Global Humira sales totaled $18.4 billion last year, with non-U.S. sales contributing $6 billion.
And while the threat to Humira in Europe is real and imminent, there are factors that could make things somewhat different to the experience with Remicade, Enbrel, and Rituxan.
For one thing, AbbVie’s reliance on its top-seller - Humira accounted for 65 percent of 2017 revenue - means it has invested heavily in preparing for this event and CEO Richard Gonzalez said in July he would compete on price “to maintain the vast majority of the line”.
AbbVie is also pushing hard to argue that patients who are stable on existing medication should not be switched for non-medical reasons, such as price.
Gonzalez said in January that the company was negotiating directly with hospitals in countries like Spain, Italy, and Portugal in order to maintain its volume there.
THIS MIGHT HURT
In addition, AbbVie may try and differentiate its drug from some of the biosimilar injections that contain citrate or citric acid, which can cause pain or stinging.

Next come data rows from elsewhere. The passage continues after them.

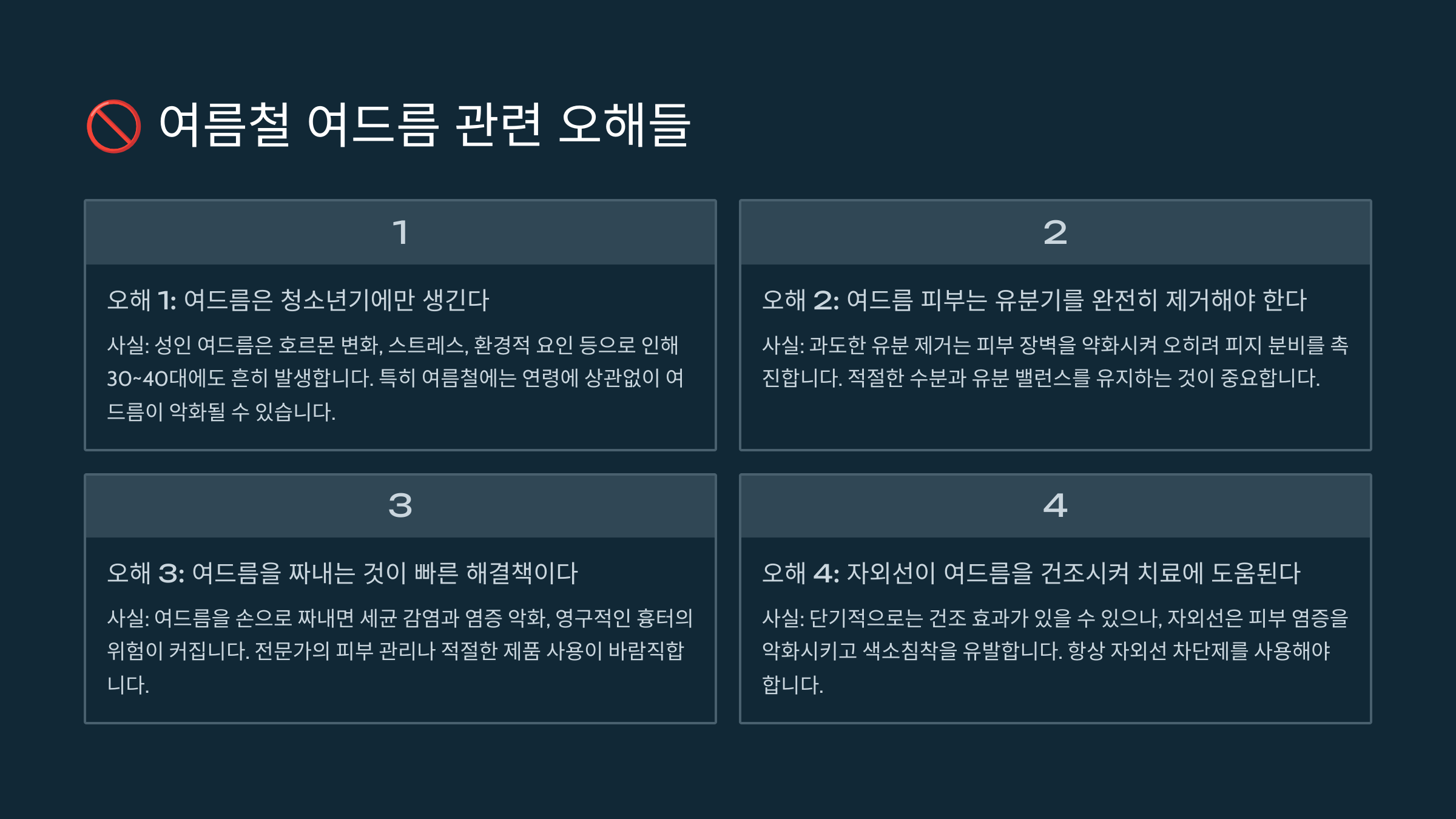 여름철 여드름과 관련해 많은 사람들이 믿고 있는 오해들이 있어요. 이런 잘못된 정보들은 오히려 피부를 망치는 원인이 되기도 해요.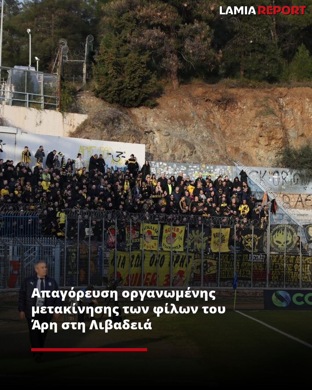 Από τη Γενική Περιφερειακή Αστυνομική Διεύθυνση Στερεάς Ελλάδας ανακοινώνεται ότι, σύμφωνα με Απόφαση που εκδόθηκε από το Υπουργείο Παιδείας, Θρησκευμάτων και Αθλητισμού, απαγορεύεται η οργανωμένη μετακίνηση των φιλάθλων της φιλοξενούμενης ομάδας Π.Α.Ε. ΑΡΗΣ, για τον ποδοσφαιρικό αγώνα της 23ης αγωνιστικής του πρωταθλήματος SUPER LEAGUE 1, μεταξύ των ομάδων ΛΕΒΑΔΕΙΑΚΟΣ - ΑΡΗΣ, ο οποίος θα διεξαχθεί την Κυριακή 16-02-2025 και ώρα 15:00, στο Δημοτικό Στάδιο Λιβαδειάς, για σοβαρούς λόγους διαφύλαξης της δημόσιας τάξης και ασφάλειας.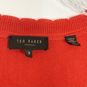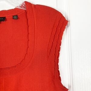 NWOT TED BAKER Top 3/M Red Knit Scallop-Trim Logo Sleeveless Stretchy”Stacey”

This is a potential issue for Humira copies from Samsung and Sandoz, but not those from Amgen and Boehringer, which are citrate-free, according to a Reuters review of product details.
“If (AbbVie) has a formulation that has no pain and no sting, they can match price and have an advantage over a biosimilar,” said SunTrust Robinson Humphrey analyst John Boris. “That’s going to help with the longevity of the franchise.”
AbbVie said there was no connection between biosimilar launch timelines and availability of its citrate- free formulation.
Lakshmi Dharmarajan, an analyst at research group GlobalData, said uptake of biosimilar Humira might also be slowed by the fact the drug is usually self-injected at home. That could limit the role of big hospitals in forcing through biosimilar use, she said.
But pharmacist Harchowal is not so sure, pointing to the detailed planning that has gone into homecare arrangements within Britain’s National Health Service to maximize use of the best-value form of adalimumab, as Humira is called generically.
In Germany, Europe’s biggest market, the decentralized system leaves physicians free to prescribe the brand of adalimumab they deem best. But German doctors are also legally bound to observe cost efficiency and could be challenged if they simply carry on prescribing the original medicine.
Scandinavian countries already have a track record of early biosimilar adoption and have achieved some of the steepest price discounts of up to 70 percent, while France has recently stepped up its goals for their use.
France’s 2018−2022 National Health Strategy sets a goal of 80 percent biosimilar penetration by 2022 - a level that Britain has already exceeded for Remicade and Enbrel.
When it comes to Humira, NHS England told administrators earlier this year not to sign any new contracts that extend beyond Oct. 16 – the day AbbVie’s primary European patent expires.